First, add the Sales Report and Operations Report to an S3 bucket. Add an S3 tag to each file with the appropriate role. For example, role: sales for the Sales Report and role: operations for the Operations Report.

Create a data sync

In the Continual console, click on Knowledge Bases and Create Knowledge Base. Choose Managed Knowledge Base and enter the AWS access key id, secret key, bucket region, bucket name, and sync schedule. Click Connect.

After a minute, you should see the files from your bucket as documents in Continual.

Clicking on a document reveals the document’s contents and associated metadata. Metadata is automatically created depending on the data source. Files synced from S3 will have the file path, bucket name, bucket tags, and file tags.

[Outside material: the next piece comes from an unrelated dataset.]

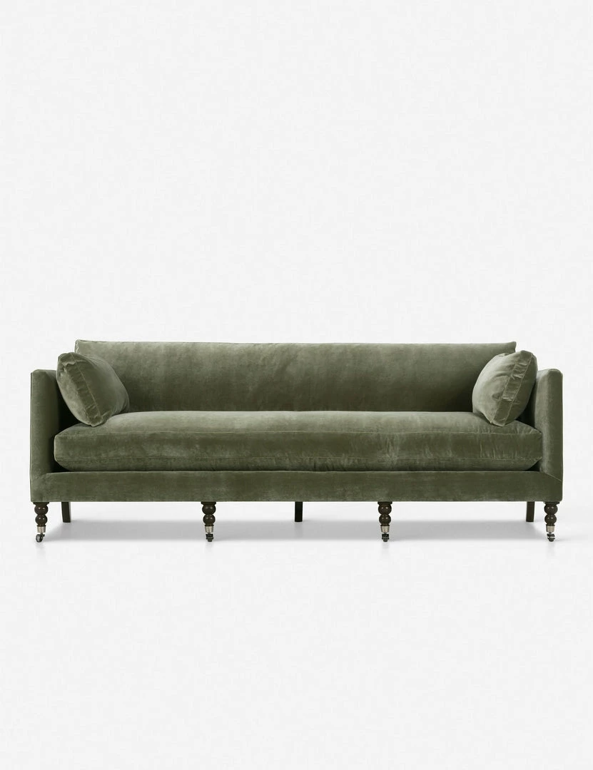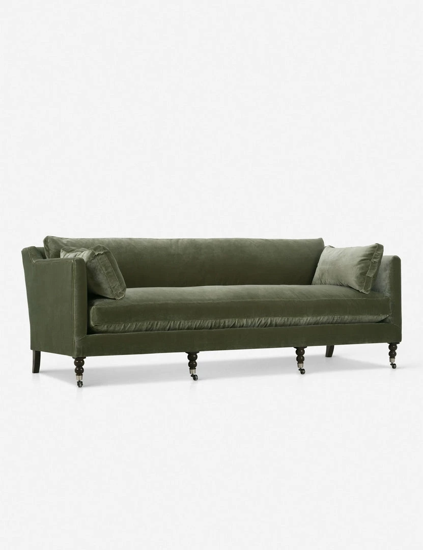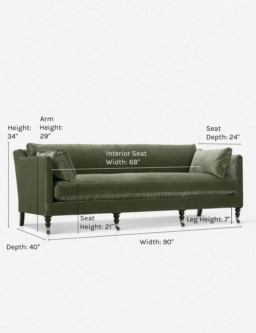 Add a touch of vintage flair to your living room or office with the Fabienne statement sofa. Antique, muted velvet meets traditional curved legs in the back and ornate shaped legs in the front of this plush couch. Finished with small front wheels to ease movement.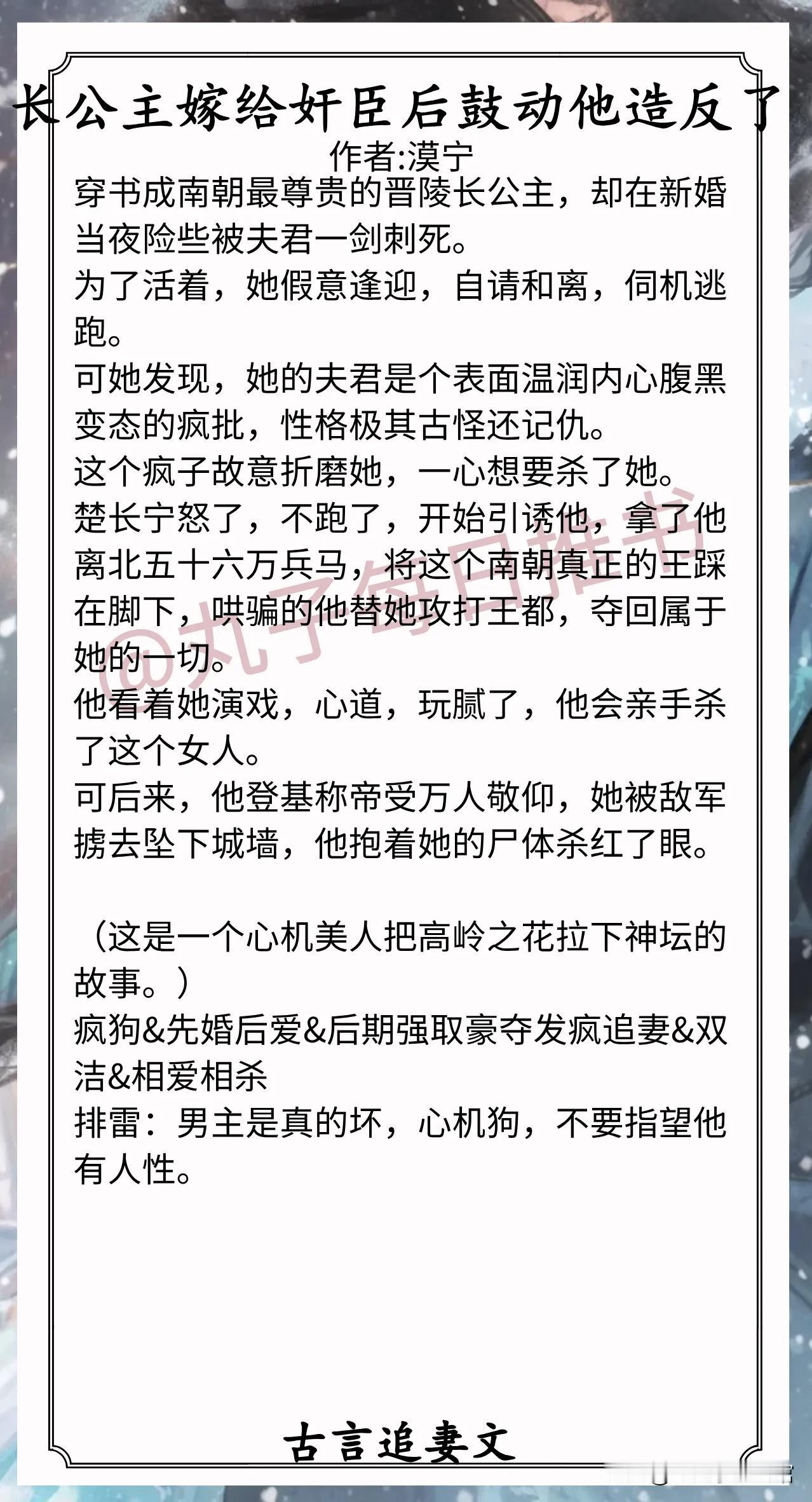 5.《长公主嫁给奸臣后鼓动他造反了》作者:漠宁(心机美人vs高冷疯狗,穿越,相爱相杀,追妻火葬场)

Connect the Knowledge Base to a Copilot

Because we created a new managed Knowledge Base from our S3 bucket, we need to connect it to a copilot. Go to a chosen copilot in the Continual Console and select Integrations. Connect the new Knowledge Base (Customer Financial Reports). Now, the copilot is able to reference the documents in this knowledge base.

Make sure the selected copilot is already embedded in an application. If you don’t have any copilots created or you haven’t embedded a copilot into an application yet, please see the Copilot section or NextJS tutorial.

Authenticate application users with Continual

So far we’ve loaded two business reports into S3, applied tags on each report with different roles, created a data sync between our S3 bucket and Continual, and connected our newly created Knowledge Base with a copilot.

The next step is to know and trust the identity of copilot users. This is where Continual Access Tokens come in. Continual Access Tokens are JWTs that must have:

  1. the Copilot ID: a unique id that can be found in the upper right hand corner of the copilot page.
  2. the copilot secret key: used to sign the Continual Access Token and verify it’s associated with the copilot. It can be found in the settings tab for your copilot.
  3. an Identity grant: the identity of the user who is accessing this copilot

Authorize users to access Continual Knowledge Bases and Documents

In addition to authenticating users, we can authorize users to access specified knowledge bases and documents by setting a Datasets grant in the Continual Access Token. The "datasets" grant is specified in the payload object within the grants property. The datasets property is an object that maps dataset identifiers to their corresponding metadata filters.

We can use the metadata set on our sales and operational reports as filters by setting key-value pairs as dataset grants.

index.js
datasets: {
  my_dataset_id: { metadata_key: metadata_value },
  another_dataset_id: { another_metadata_key: another_metadata_value }
},

Let’s see how we can generate Continual Access Tokens to authenticate and authorize copilot users.

Generating Continual Access Tokens

You can generate a Continual access token using a variety of libraries (opens in a new tab) that are available for most programming languages. As mentioned above the critical information to include are:

  • Copilot Id set as the issuer
  • User Id set as the identity grant
  • User Role set as the datasets grant

An example node function:

index.js
 
const jwt = require("jsonwebtoken");
 
const generateUserAccessToken = (
  userId,
  userRole,
  copilotId,
  copilotSecret
) => {
  const algorithm = "HS256";
  const ttl = 86400;
 
  const payload = {
    grants: {
      identity: userId,
      datasets: { my_dataset_id: { role: userRole } },
    },
  };
  const header = {
    typ: "JWT",
    alg: algorithm,
  };
  const signOptions = {
    header: header,
    issuer: copilotId,
    expiresIn: ttl,
  };
 
  return jwt.sign(payload, copilotSecret, signOptions);
};
 
const signed = generateUserAccessToken("a_user_id", “user_role”, "a_copilot_id", "copilot_secret")
console.log({signed});
 
const decoded = jwt.verify(signed, "copilot_secret");
console.log({decoded})

Testing the metadata filter

Login to your app using a user with the sales role and ask the copilot “What was the total revenue in January 2024?” The copilot should return the correct answer of $45,000. Then ask “What were the total shipping costs?” And the copilot should politely respond that it couldn’t find the answer.